In addition to the socioeconomic attributes, by default you will also get columns representing the geo_unit
and geo_filter
, which contain FIPS codes. We recommend adding the NAME
and GEOID
columns to get the geographies' text names and the full FIPS code in one cell.
cols.extend(['NAME', 'GEOID'])
With all the pieces in hand, we can now pull the data from the API.
data = api_conn.query(cols, geo_unit=g_unit, geo_filter=g_filter)
data.shape
(68, 77)
It is often useful to make the pandas DataFrame index the full FIPS code.

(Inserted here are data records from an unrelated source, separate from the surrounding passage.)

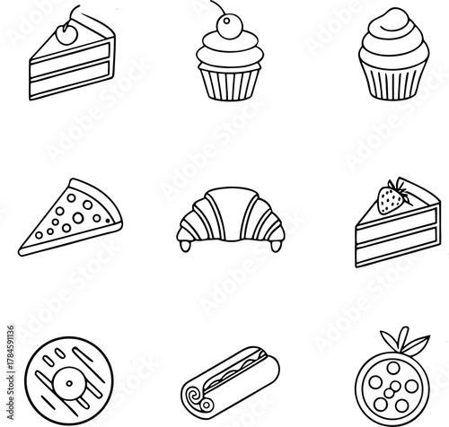 set of cakes and sweets
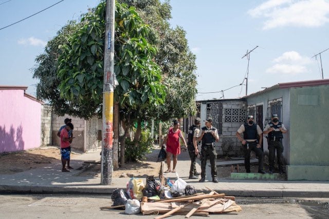 Uniformados de la Policía están desplegados en diferentes zonas del distrito Nueva Prosperina luego de los hechos violentos registrados en Socio Vivienda, La Casuarina y La Entrada de la 8 que dejaron 22 muertos y tres heridos.
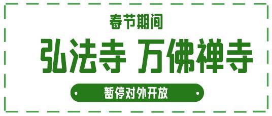 2月10日(腊月二十九)早8时至2月26日(正月十五)晚20时,共十七天,深圳弘法寺、万佛禅寺均暂停对外开放,禁止工作以外的人员和车辆进入。
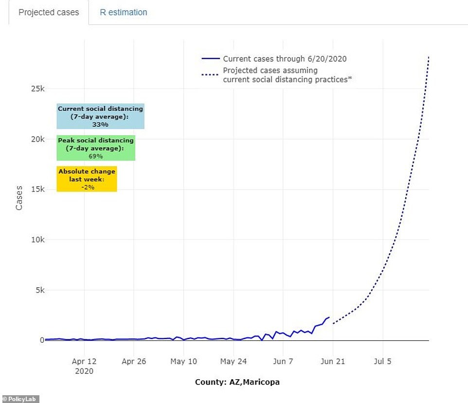 数据模型显示到7月18日,仅凤凰城每天就可以看到28,000例新增感染。
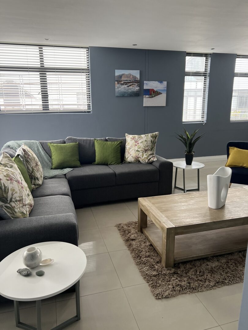 Modern hotel lounge with gray sectional sofa, floral and green pillows, wood coffee table on shag rug, and natural light from large windows
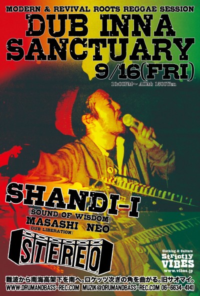 2011.9.16(Fri) [ Dub Inna Sanctuary ] at Club Stereoby nekomaSTEREO SCHEDULE2011/08/22 2011.9.16(Friday) [ Dub Inna Sanctuary ] DJ: Shandi-I,Masashi,Neo Genre: Modern Roots, Revival Roots ADM: 1500Yen 10:00PM〜
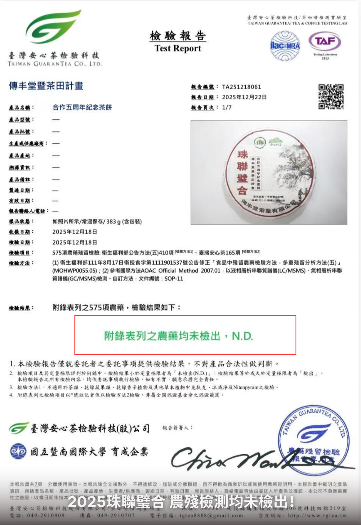 除了品飲口感與普洱茶的陳化價值外,喝茶,喝的是茶樹的健康力、生命力、與長壽力等營養物質。因此,傳丰堂堅守食安底線,堅持每款監製的茶品都要滿足大樹、古樹等級的春茶原料,採自然農法,且要經過三次農殘檢測均未檢出方可上架。2025年「珠聯璧合」普洱生茶也不例外,從原料採摘、初製到成品入庫,歷經了三次嚴格的農藥殘留檢測。最近一次(1141218)由「台灣安心實驗室」進行的575項檢測結果證實:所有項目均未檢出。

The effect is that any selection from the DataFrame will be accompanied by the Census ID.
data.index = data.GEOID
data.index = data.index.str.replace('14000US','')
We can view all the columns, and then select one.
data.columns
Index([u'B17006_001E', u'B17006_001M', u'B17006_002E', u'B17006_002M', u'B17006_003E', u'B17006_003M', u'B17006_004E', u'B17006_004M', u'B17006_005E', u'B17006_005M', u'B17006_006E', u'B17006_006M', u'B17006_007E', u'B17006_007M', u'B17006_008E', u'B17006_008M', u'B17006_009E', u'B17006_009M', u'B17006_010E', u'B17006_010M', u'B17006_011E', u'B17006_011M', u'B17006_012E', u'B17006_012M', u'B17006_013E', u'B17006_013M', u'B17006_014E', u'B17006_014M', u'B17006_015E', u'B17006_015M', u'B17006_016E', u'B17006_016M', u'B17006_017E', u'B17006_017M', u'B17006_018E', u'B17006_018M', u'B17006_019E', u'state', u'county', u'tract', u'B17006_019M', u'B17006_020E', u'B17006_020M', u'B17006_021E', u'B17006_021M', u'B17006_022E', u'B17006_022M', u'B17006_023E', u'B17006_023M', u'B17006_024E', u'B17006_024M', u'B17006_025E', u'B17006_025M', u'B17006_026E', u'B17006_026M', u'B17006_027E', u'B17006_027M', u'B17006_028E', u'B17006_028M', u'B17006_029E', u'B17006_029M', u'B19326_001E', u'B19326_001M', u'B19326_002E', u'B19326_002M', u'B19326_003E', u'B19326_003M', u'B19326_004E', u'B19326_004M', u'B19326_005E', u'B19326_005M', u'B19326_006E', u'B19326_006M', u'B19326_007E', u'B19326_007M', u'NAME', u'GEOID'], dtype='object')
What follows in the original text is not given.